The pure distillation

The funniest part of this anti-sugar piece from Lustig and his UCSF team? Here:
Sugar, they argue, is far from just “empty calories” that make people fat. At the levels consumed by most Americans, sugar changes metabolism, raises blood pressure, critically alters the signaling of hormones and causes significant damage to the liver – the least understood of sugar’s damages. These health hazards largely mirror the effects of drinking too much alcohol, which they point out in their commentary is the distillation of sugar.
If you set up a still with a sugar cube on one side, you might get a bit of water vapour out the other end after trying to distil, and, if you're lucky, caramel in the original flask. Mmmm, caramel. But to get alcohol, you're going to have to ferment that sugar with some yeast. Distillation gets you spirits from fermented alcohol.

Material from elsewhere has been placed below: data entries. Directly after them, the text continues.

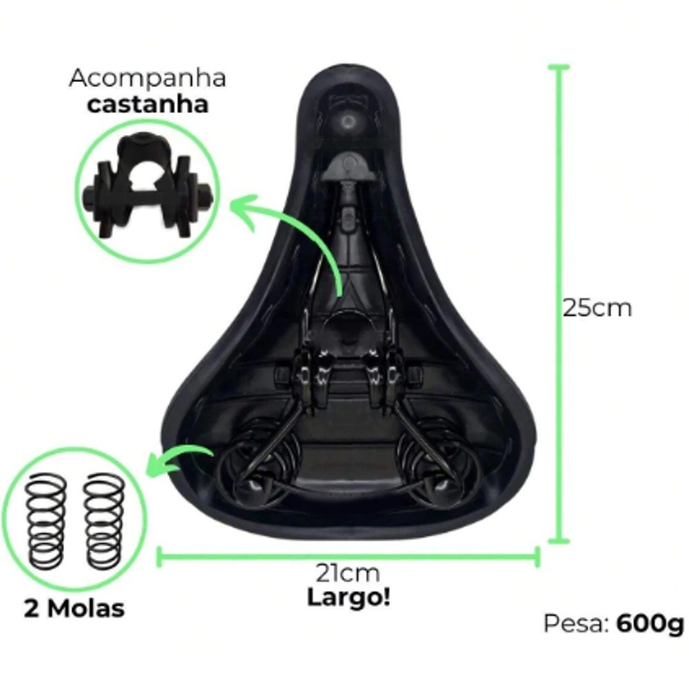 Banco Selim LARGO Com 2 Molas Largo Bike Bicicleta Confortável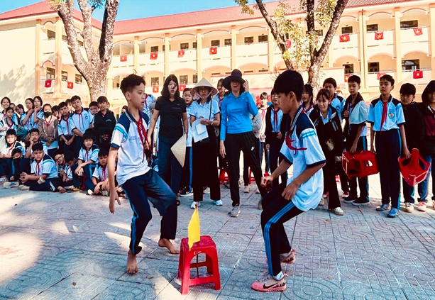 Phần Hội diễn ra sôi nổi với nhiều trò chơi dân gian và hoạt động tập thể hấp dẫn, tạo sân chơi lành mạnh, bổ ích cho học sinh. Khối 6 tham gia trò chơi “Cướp cờ”; khối 7 với trò chơi “Tiếp sức đổ nước vào chai”; khối 8 và khối 9 hào hứng với “Kéo co” và trò chơi âm nhạc “Nghe nhạc đoán tên bài hát”. Các hoạt động không chỉ mang lại tiếng cười, niềm vui đầu Xuân mà còn góp phần giáo dục tinh thần đoàn kết, rèn luyện thể chất, phát huy kỹ năng làm việc nhóm và gìn giữ nét đẹp văn hóa truyền thống dân tộc.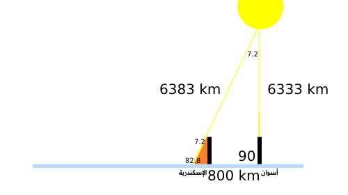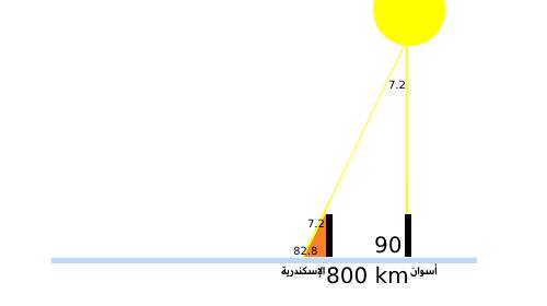المحيط الكلي للأرض يكون مساويًا لحاصل قسمة 360/7.2 مضروبًا في المسافة بين المدينتين 800 كيلومتر، وينتج من هذه الحسابات أن محيط الأرض يبلغ 40,000 كيلو متر (1).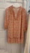 Elegant peach dress with paisley design. Features delicate ruffles.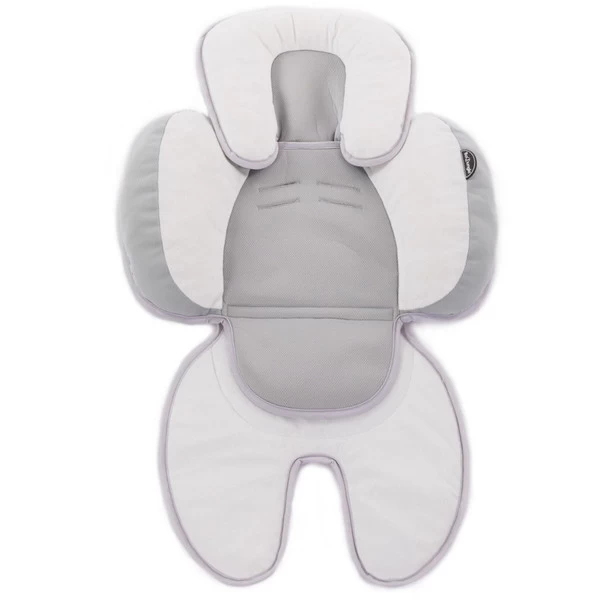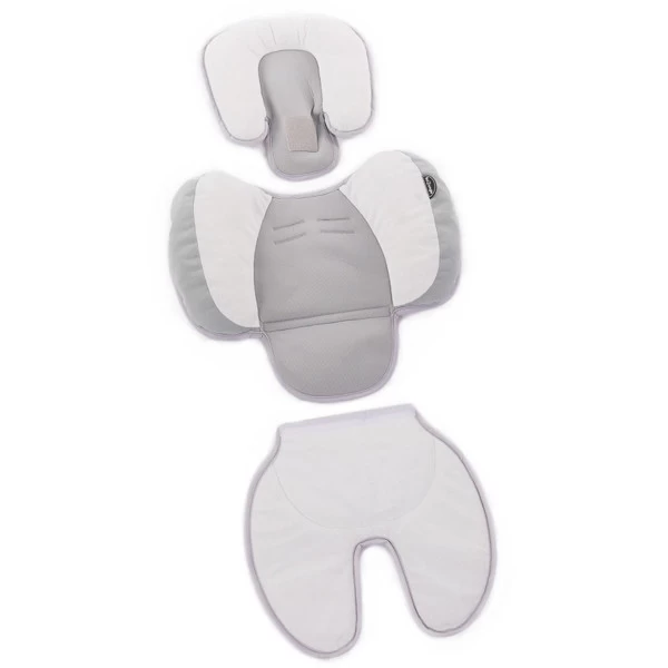 De hoofdsteun kan aangepast worden naarmate de baby groeit en de luchtdoorlatende stoffen bieden extra comfort en veiligheid in alle seizoenen. Het kussen heeft openingen voor veiligheidsgordels en het onderste deel is waterdicht voor bescherming bij luierongelukjes.

The less funny part? The way the whole nudge apparatus has been imported over.
Many of the interventions that have reduced alcohol and tobacco consumption can be models for addressing the sugar problem, such as levying special sales taxes, controlling access, and tightening licensing requirements on vending machines and snack bars that sell high sugar products in schools and workplaces.
“We’re not talking prohibition,” Schmidt said. “We’re not advocating a major imposition of the government into people’s lives. We’re talking about gentle ways to make sugar consumption slightly less convenient, thereby moving people away from the concentrated dose. What we want is to actually increase people’s choices by making foods that aren’t loaded with sugar comparatively easier and cheaper to get.”
No, it's not prohibition. Not yet. This was an entirely foreseeable and foreseen consequence of Thaler's nudge architecture, but taxes and licensing requirements on vending machines are hardly "make the tempting thing slightly less convenient" nudges.

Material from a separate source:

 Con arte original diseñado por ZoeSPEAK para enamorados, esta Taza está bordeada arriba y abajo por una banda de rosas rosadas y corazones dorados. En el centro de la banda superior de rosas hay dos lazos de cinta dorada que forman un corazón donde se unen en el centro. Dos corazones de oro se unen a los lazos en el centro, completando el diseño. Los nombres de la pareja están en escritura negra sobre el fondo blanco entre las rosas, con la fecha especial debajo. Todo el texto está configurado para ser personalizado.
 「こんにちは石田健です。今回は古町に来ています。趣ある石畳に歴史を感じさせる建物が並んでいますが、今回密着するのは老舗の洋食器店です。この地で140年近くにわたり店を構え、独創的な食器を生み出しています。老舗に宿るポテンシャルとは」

Andrew Stuttaford at NRO also doesn't like the idea that this somehow increases people's range of choices.
What they “actually” mean by that is that sugar-heavy products will be made more expensive and more difficult to obtain thereby making it easier for the child-like American population to “choose” the healthier alternative.
A shove's as good as a nudge to a blind bat....

Another for the "there's no slippery slope" file.